#### MATERIAL PROVIDED

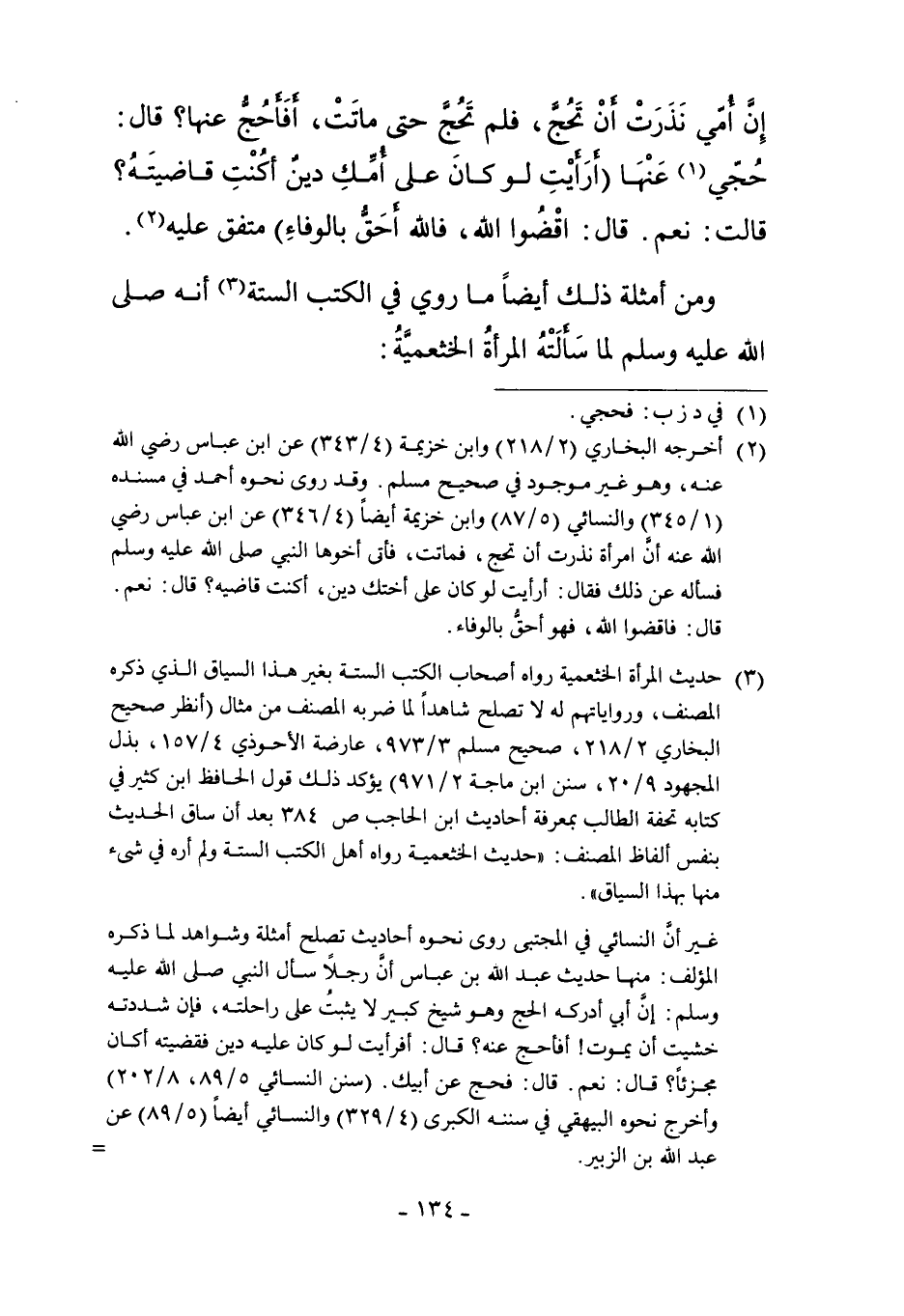 3 حديث المرأة الخثعمية رواه أصحاب الكتب الستة بغير هذا السياق الذي ذكره المصنف، ورواياتهم له لا تصلح شاهداً لما ضربه المصنف من مثال "أنظر صحيح البخاري 2/218، صحيح مسلم 3/973، عارضة الأحوذي 4/157، بذل المجهود 9/20، سنن ابن ماجة 2/971" ويؤكد ذلك قول الحافظ ابن كثير في كتابه تحفة الطالب بمعرفة أحاديث ابن الحاجب ص 384 بعد أن ساق الحديث بنفس ألفاظ المصنف: "حديث الخثعمية رواه أهل الكتب الستة ولم أره في شيء منها بهذا السياق".
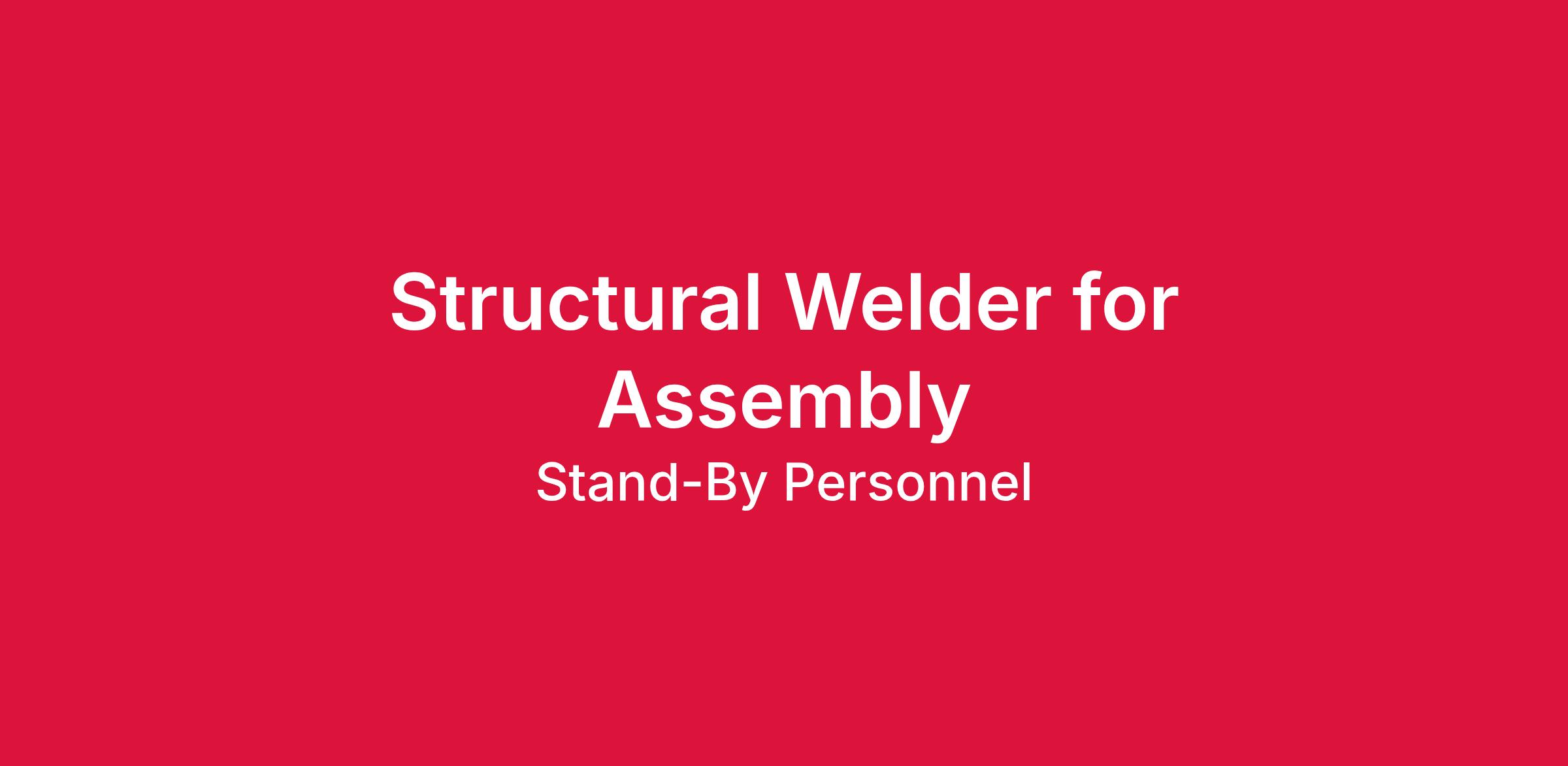 This is a strong opportunity for skilled professionals seeking consistent hours and long-term potential in a Structural Welder for Assembly role.
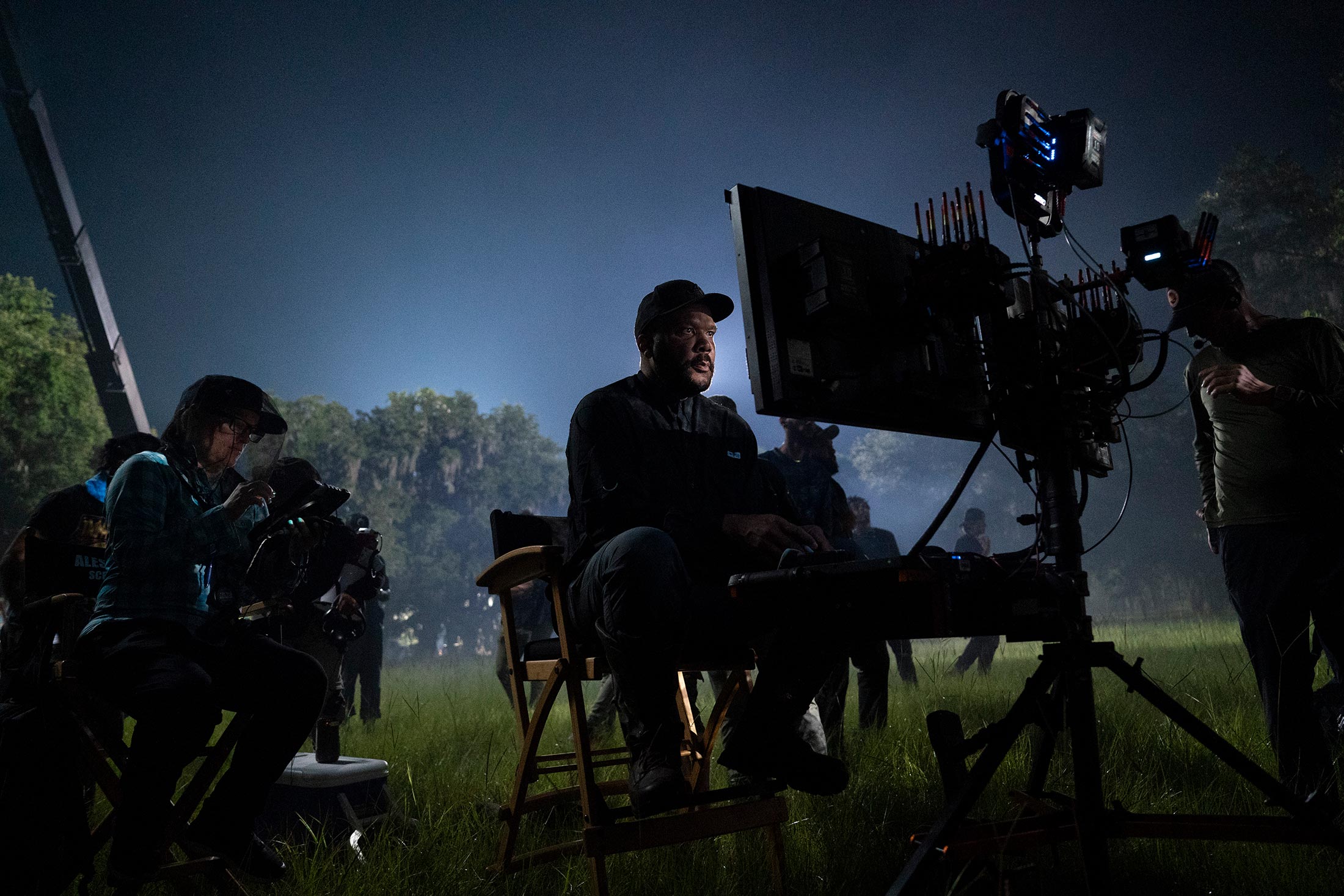 今年夏天,佩里在导演椅上。图片来源:泰勒·佩里工作室当一位电视节目或电影导演一天拍摄10页剧本时,通常被认为是出色的、高效的表现。然而,对于佩里来说,一天拍摄超过120页剧本并不罕见。负责在狮门影业为他的电影做市场营销的蒂姆·帕伦回忆起在佩里早期在乔治亚州的片场拜访这位电影制作人时的情景。帕伦惊讶地发现,当他走进一个巨大的摄影棚时,佩里在那里搭建了一个铁轨,沿着两个飞机库的长度铺设。沿着铁轨,佩里搭建了各种各样的场景,所有场景都提前布光准备好拍摄。“火车上有三台摄影机,在铁轨的两侧,为他正在制作的每个节目都搭建了场景。他会跳上火车,然后前往新闻主播台,然后再跳上火车,前往夜总会场景,”帕伦回忆道。“通常在好莱坞,你搭建一个场景,拍摄完毕后拆除,然后再搭建下一个场景。他却说,‘我要这样做,这样我可以做得更快。’”
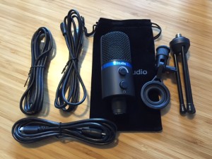 The included mic stand folds nicely so it doesn’t add much more bulk, but you’re not going to fit it and the mic in the included carrying pouch, which is only large enough to contain the iRig Mic Studio with about two of the three necessary cables (Lightning, mini-USB and USB). I’m an Apple guy, so the Lightning and USB cables are the only ones I’d ever need to have handy.

########

TASK REQUIREMENTS:
Begin at the line containing "今年夏天,佩里在导演椅上。图" and write out every line to the end of the data exactly. Skip the pictures.

FINISHED TASK:
 今年夏天,佩里在导演椅上。图片来源:泰勒·佩里工作室当一位电视节目或电影导演一天拍摄10页剧本时,通常被认为是出色的、高效的表现。然而,对于佩里来说,一天拍摄超过120页剧本并不罕见。负责在狮门影业为他的电影做市场营销的蒂姆·帕伦回忆起在佩里早期在乔治亚州的片场拜访这位电影制作人时的情景。帕伦惊讶地发现,当他走进一个巨大的摄影棚时,佩里在那里搭建了一个铁轨,沿着两个飞机库的长度铺设。沿着铁轨,佩里搭建了各种各样的场景,所有场景都提前布光准备好拍摄。“火车上有三台摄影机,在铁轨的两侧,为他正在制作的每个节目都搭建了场景。他会跳上火车,然后前往新闻主播台,然后再跳上火车,前往夜总会场景,”帕伦回忆道。“通常在好莱坞,你搭建一个场景,拍摄完毕后拆除,然后再搭建下一个场景。他却说,‘我要这样做,这样我可以做得更快。’”
 The included mic stand folds nicely so it doesn’t add much more bulk, but you’re not going to fit it and the mic in the included carrying pouch, which is only large enough to contain the iRig Mic Studio with about two of the three necessary cables (Lightning, mini-USB and USB). I’m an Apple guy, so the Lightning and USB cables are the only ones I’d ever need to have handy.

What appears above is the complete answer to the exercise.